#### Data excerpt ####
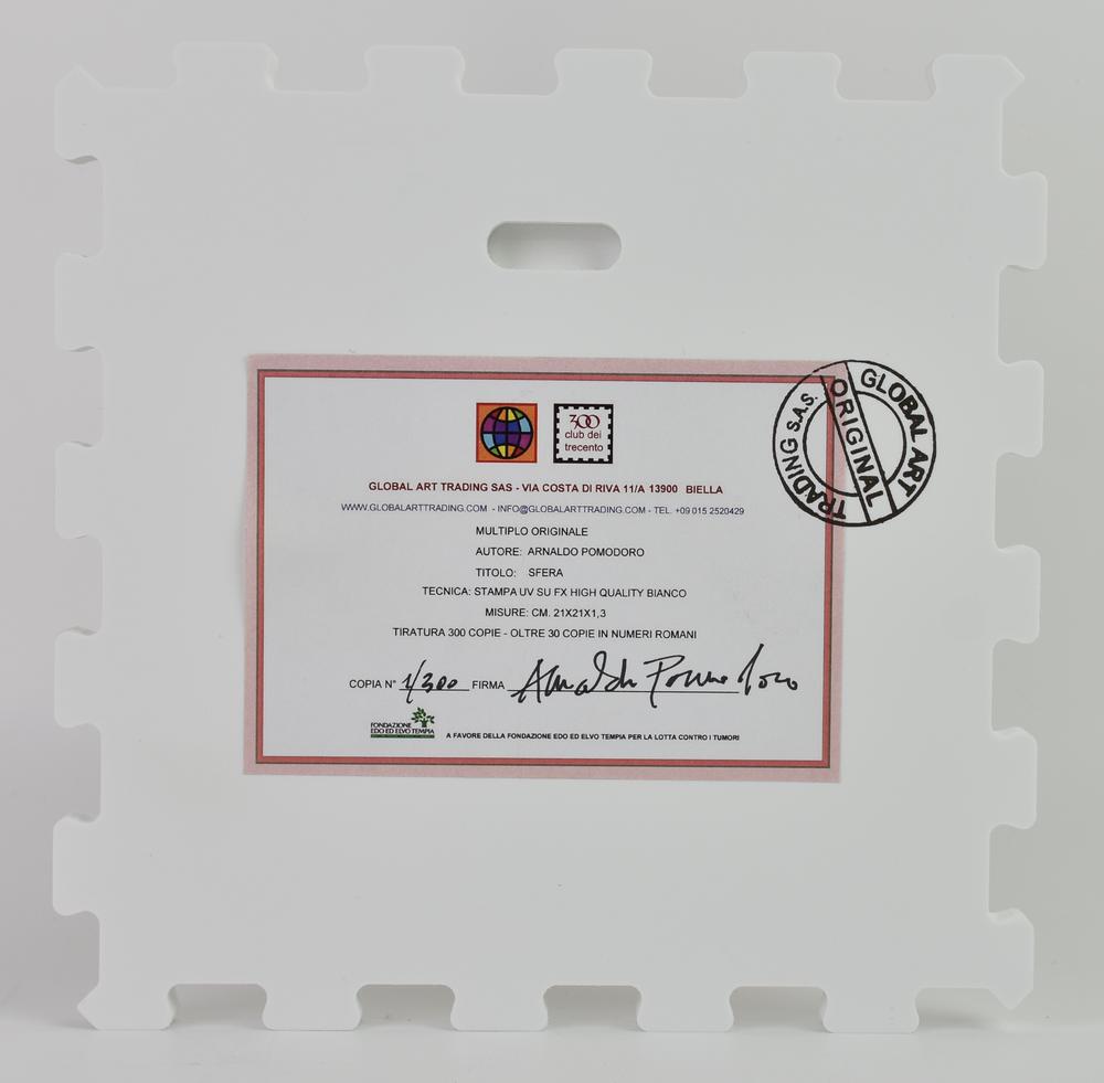 Arnaldo Pomodoro (1926) SFERA stampa UV su FX high quality bianco, cm...
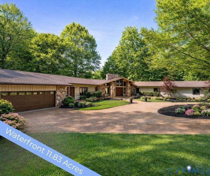 Tucked away on 11.39 private acres in the heart of Powhatan, this waterfront estate offers a rare blend of seclusion, design, and convenience-located just seconds from the James River and only minutes to Route 60, Route 288, and Short Pump. Designed with intention and built to impress, the home showcases a striking combination of natural stone, rich wood tones, and bold architectural lines that immediately set it apart. Inside, a dramatic great room anchors the home, where soaring vaulted ceilings, walls of glass, and a stunning two-story stone fireplace frame serene views of the pond and surrounding woods. The layout is both functional and refined, with most living on the main level. At the center of the home, the chef's kitchen features leathered quartz countertops, premium appliances, and an oversized island, seamlessly connecting to both casual and formal dining spaces-ideal for entertaining or everyday living. The main level also includes a private office, a well-appointed mudroom and laundry space with built-ins, a half bath, and direct access to the attached garage. Three bedrooms are located on this level, including an exceptional primary suite designed as a true retreat. With four closets, a spa-inspired bath featuring a soaking tub and walk-in shower, and a private balcony overlooking the water, it offers both luxury and tranquility. The walk-out lower level expands the home's versatility with a second fireplace, a spacious living area, a fourth bedroom, full and half baths, and two additional flex rooms-perfect for a gym, workshop, guest space, or hobby areas. Outdoor living is just as intentional. A full-length upper deck captures peaceful sunset views, while the covered patio below extends the living space even further. The fenced yard provides the perfect space for pets or play, all surrounded by mature trees and water views that create a true sense of escape. Private, distinctive, and thoughtfully designed-this is more than a home. It's a property that offers a lifestyle few can replicate.
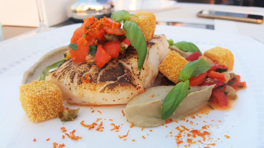 Oriental style cod, with raisins (???) and sweet peppers and a mash of eggplant. First the “cuisson” or quality of baking was impeccable! flaky and soft, perfection. peppers and raisins, strange combo but it kind of worked in this case… Eggplant puree was not needed and too heavy…. but WTF are these strange cubes? I still do not know exactly. Some combo of Mozzarella, Gouda, Becamel, cornstarch, sesame, all things together in a cube. Was that any good? NO! But it looks nice on the plate, doesn’t it?
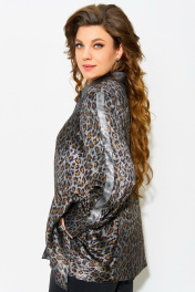 Блуза полуприлегающего силуэта с леопардовым принтом и отделкой из сатина Fita 20641 леопард+серебро - фото 2
####
What is expected | Reproduce all of the material above word for word. Omit the pictures.

Solution to this task |
 Arnaldo Pomodoro (1926) SFERA stampa UV su FX high quality bianco, cm...
 Tucked away on 11.39 private acres in the heart of Powhatan, this waterfront estate offers a rare blend of seclusion, design, and convenience-located just seconds from the James River and only minutes to Route 60, Route 288, and Short Pump. Designed with intention and built to impress, the home showcases a striking combination of natural stone, rich wood tones, and bold architectural lines that immediately set it apart. Inside, a dramatic great room anchors the home, where soaring vaulted ceilings, walls of glass, and a stunning two-story stone fireplace frame serene views of the pond and surrounding woods. The layout is both functional and refined, with most living on the main level. At the center of the home, the chef's kitchen features leathered quartz countertops, premium appliances, and an oversized island, seamlessly connecting to both casual and formal dining spaces-ideal for entertaining or everyday living. The main level also includes a private office, a well-appointed mudroom and laundry space with built-ins, a half bath, and direct access to the attached garage. Three bedrooms are located on this level, including an exceptional primary suite designed as a true retreat. With four closets, a spa-inspired bath featuring a soaking tub and walk-in shower, and a private balcony overlooking the water, it offers both luxury and tranquility. The walk-out lower level expands the home's versatility with a second fireplace, a spacious living area, a fourth bedroom, full and half baths, and two additional flex rooms-perfect for a gym, workshop, guest space, or hobby areas. Outdoor living is just as intentional. A full-length upper deck captures peaceful sunset views, while the covered patio below extends the living space even further. The fenced yard provides the perfect space for pets or play, all surrounded by mature trees and water views that create a true sense of escape. Private, distinctive, and thoughtfully designed-this is more than a home. It's a property that offers a lifestyle few can replicate.
 Oriental style cod, with raisins (???) and sweet peppers and a mash of eggplant. First the “cuisson” or quality of baking was impeccable! flaky and soft, perfection. peppers and raisins, strange combo but it kind of worked in this case… Eggplant puree was not needed and too heavy…. but WTF are these strange cubes? I still do not know exactly. Some combo of Mozzarella, Gouda, Becamel, cornstarch, sesame, all things together in a cube. Was that any good? NO! But it looks nice on the plate, doesn’t it?
 Блуза полуприлегающего силуэта с леопардовым принтом и отделкой из сатина Fita 20641 леопард+серебро - фото 2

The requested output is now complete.